[Start of section]

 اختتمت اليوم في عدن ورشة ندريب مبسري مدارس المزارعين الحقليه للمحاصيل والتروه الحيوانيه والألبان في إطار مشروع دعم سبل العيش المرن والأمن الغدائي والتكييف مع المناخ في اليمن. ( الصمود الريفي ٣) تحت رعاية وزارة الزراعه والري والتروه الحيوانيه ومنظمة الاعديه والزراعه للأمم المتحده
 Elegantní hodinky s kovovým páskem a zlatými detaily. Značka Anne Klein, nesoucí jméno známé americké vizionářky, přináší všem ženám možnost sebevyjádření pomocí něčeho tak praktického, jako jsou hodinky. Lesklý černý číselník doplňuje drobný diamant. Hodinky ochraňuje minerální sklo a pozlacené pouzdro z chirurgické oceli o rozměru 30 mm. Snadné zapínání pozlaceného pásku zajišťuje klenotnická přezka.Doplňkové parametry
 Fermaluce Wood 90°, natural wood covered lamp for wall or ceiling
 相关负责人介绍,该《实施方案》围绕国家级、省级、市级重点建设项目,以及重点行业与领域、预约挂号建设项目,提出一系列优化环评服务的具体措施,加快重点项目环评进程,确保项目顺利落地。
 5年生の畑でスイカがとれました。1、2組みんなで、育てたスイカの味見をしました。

[End of section]
[Start of section]

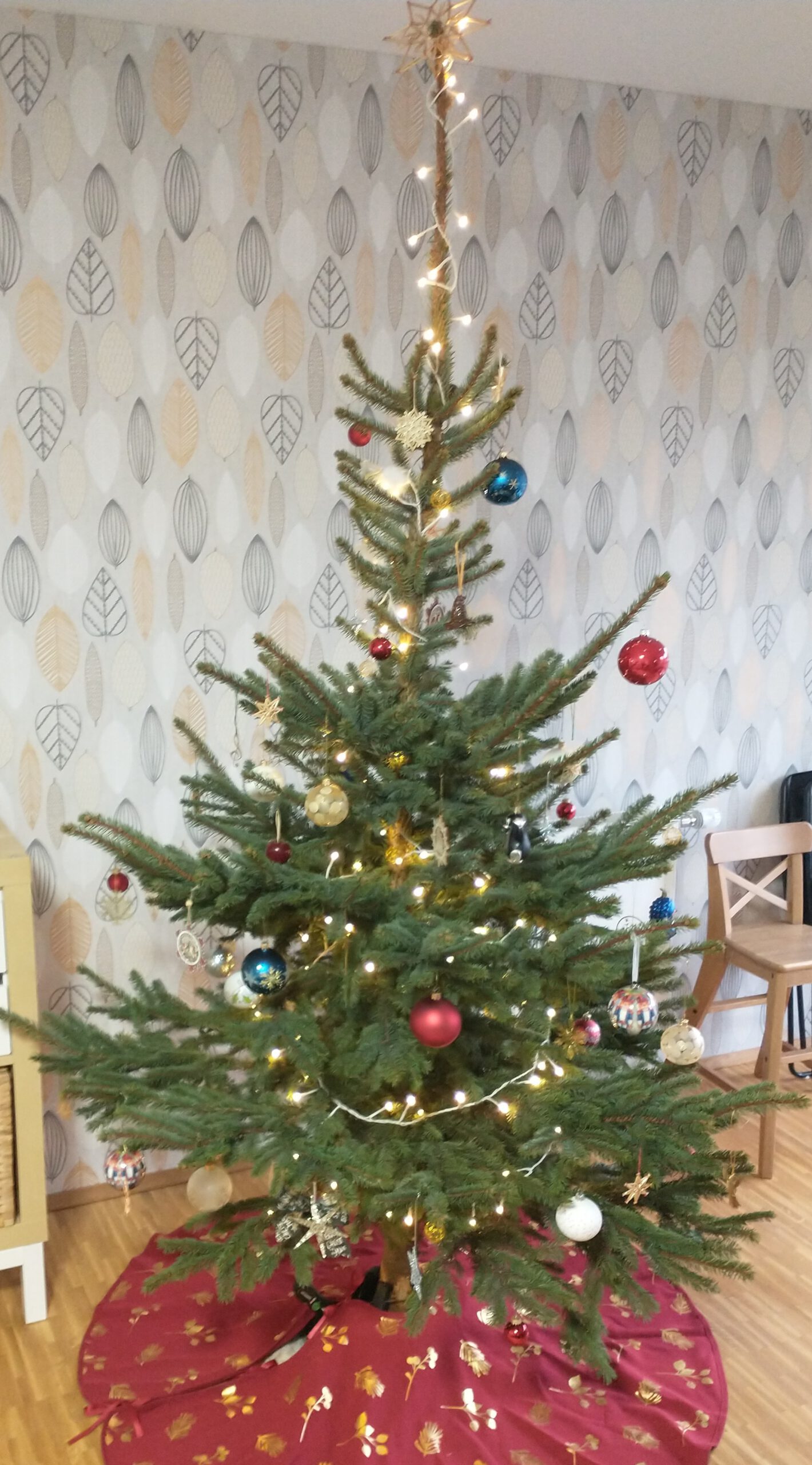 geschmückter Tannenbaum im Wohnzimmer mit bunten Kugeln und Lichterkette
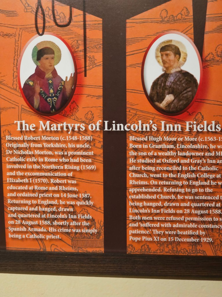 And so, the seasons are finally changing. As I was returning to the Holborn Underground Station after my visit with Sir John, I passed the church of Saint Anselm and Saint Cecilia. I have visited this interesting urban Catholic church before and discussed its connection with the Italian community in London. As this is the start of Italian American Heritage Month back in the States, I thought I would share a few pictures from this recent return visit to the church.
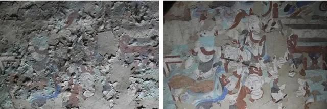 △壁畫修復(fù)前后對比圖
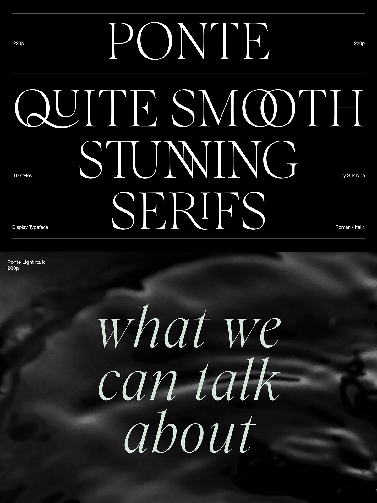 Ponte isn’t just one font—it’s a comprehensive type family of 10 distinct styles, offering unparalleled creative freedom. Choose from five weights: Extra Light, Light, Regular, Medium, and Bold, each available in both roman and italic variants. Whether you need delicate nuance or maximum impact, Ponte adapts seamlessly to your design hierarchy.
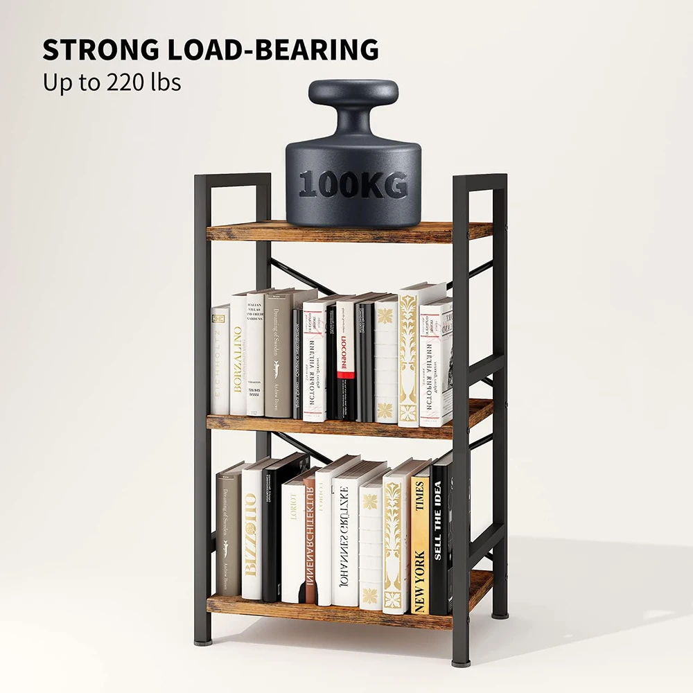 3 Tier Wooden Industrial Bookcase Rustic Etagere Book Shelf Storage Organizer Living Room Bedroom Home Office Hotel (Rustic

[End of section]
[Start of section]

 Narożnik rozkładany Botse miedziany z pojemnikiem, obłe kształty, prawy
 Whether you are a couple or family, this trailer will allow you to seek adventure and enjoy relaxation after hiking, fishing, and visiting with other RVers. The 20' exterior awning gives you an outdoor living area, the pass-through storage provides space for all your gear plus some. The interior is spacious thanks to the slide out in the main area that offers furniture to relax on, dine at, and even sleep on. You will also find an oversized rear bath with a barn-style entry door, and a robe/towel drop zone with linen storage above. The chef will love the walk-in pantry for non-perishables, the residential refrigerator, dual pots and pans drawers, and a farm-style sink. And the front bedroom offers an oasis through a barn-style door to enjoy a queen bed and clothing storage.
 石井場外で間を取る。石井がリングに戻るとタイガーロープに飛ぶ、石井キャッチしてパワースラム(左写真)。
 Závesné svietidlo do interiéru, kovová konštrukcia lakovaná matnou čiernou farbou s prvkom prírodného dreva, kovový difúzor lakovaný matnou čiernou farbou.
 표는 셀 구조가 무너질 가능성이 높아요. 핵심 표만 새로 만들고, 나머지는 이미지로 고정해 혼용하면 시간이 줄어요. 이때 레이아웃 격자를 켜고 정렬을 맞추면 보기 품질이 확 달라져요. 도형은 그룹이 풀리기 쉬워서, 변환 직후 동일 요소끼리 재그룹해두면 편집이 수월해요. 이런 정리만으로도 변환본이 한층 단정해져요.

[End of section]

» Exercise prompt:
Above this task is a listing. Restate, word for word and with nothing added, the lines from the one with "石井場外で間を取る。石井がリ" through the one with "표는 셀 구조가 무너질".

» Answer to the exercise:
 石井場外で間を取る。石井がリングに戻るとタイガーロープに飛ぶ、石井キャッチしてパワースラム(左写真)。
 Závesné svietidlo do interiéru, kovová konštrukcia lakovaná matnou čiernou farbou s prvkom prírodného dreva, kovový difúzor lakovaný matnou čiernou farbou.
 표는 셀 구조가 무너질 가능성이 높아요. 핵심 표만 새로 만들고, 나머지는 이미지로 고정해 혼용하면 시간이 줄어요. 이때 레이아웃 격자를 켜고 정렬을 맞추면 보기 품질이 확 달라져요. 도형은 그룹이 풀리기 쉬워서, 변환 직후 동일 요소끼리 재그룹해두면 편집이 수월해요. 이런 정리만으로도 변환본이 한층 단정해져요.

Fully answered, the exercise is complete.